Os Caprichos da Pluma de Clara Ferreira Alves

Sobre os caprichos da pluma de Clara Ferreira Alves já muitos escreveram. Vasco Pulido Valente até levou com um processo crime (por lhe ter chamado analfabeta). Mas há caprichos intoleráveis e um deles é querer escrever prosas inspiradas (o que é discutível quando falamos desta autora) recorrendo a “factos” que não o são. No texto que publica na revista “histórica” do Expresso deste fim de semana, a pluma caprichosa  inspira-se numa música do Sérgio Godinho que diz ter ouvido no Verão do PREC de 1975… Problema, a música em que Sérgio Godinho canta “Este é o primeiro dia do resto da tua vida” só surgiu em 1979, como revela o Porta da Loja:

Estávamos em 1975 e Sérgio Godinho cantava uma cantiga de 1978…

O Expresso de hoje publica uma revista que pretende começar a comemorar, com vários meses de antecedência, os seus 40 anos.
A revista, um número abrangendo a primeira década, de 1973 a 1982, a que seguirão outros para outras décadas, é pobre de imagens e de texto.

Para explicar aos leitores o que foi essa primeira década, a direcção do jornal escolheu fotos de Rui Ochôa, que preenchem quase todo o espaço da revista e para escrever umas coisas, o sabe-tudo Miguel Sousa Tavares, mais o historiador Rui Ramos, um pândego da escrita chamado Luís Pedro Nunes e uma impagável Clara Ferreira Alves que ainda há-de chegar a directora do semanário, pelo caminho que o jornal leva.


O texto desta escriba emplumada duma ignorância que já mereceu a V.P.V. um processo crime (por lhe ter chamado analfabeta, o que a mesma achou ofensivo) é de truz.

Começa por relembrar “o Verão do Prec” de 1975 e assegura que “estava sentada numa cadeira ao sol, à beira da piscina pública de Coimbra.

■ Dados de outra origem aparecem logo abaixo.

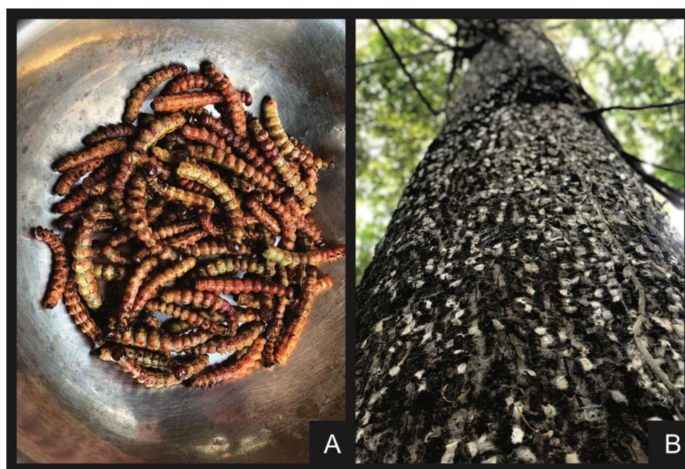
Fig. 3 Lusura altrix (mã-neg) caterpillars: (a) ready for consumption, (b) caterpillar pupa laying on a Brazil nut trunk ( Bertolletia excelsa ).

regarded as Brazil nut tree pests by non-indigenous extractivist communities in the Amazon, but are considered delicacies by the Surui Paiter (Coimbra Jr, 2012). The removal of the caterpillars from Brazil nut trees for consumption may be directly influencing populations of Brazil nut trees.

Sol de Junho. Nos altifalantes, a voz de Sérgio Godinho: “Este éo primeiro dia do resto da tua vida”.
E remata para o efeito prosódico: “e vem-me à memória uma frase batida: o povo unido nunca mais será vencido”.

Tirando o achado de escrita pindérica, o facto é que em Coimbra, na piscina pública, no mês de Junho de 1975, Sérgio Godinho poderia cantar por altifalantes coisas como o “cão raivoso”, a cachopa que lhe sabia a chocolate ou mesmo “tem ratos”, numa premonição acertada.

Porém, cantar um tema do disco pano cru que apenas saiu em 1978 é que se calhar ainda não podia, por muito esforço que fizesse na voz para a esticar no tempo, assim tanto.

A crónica histórica meteu água de piscina logo no primeiro período. E afundou-se.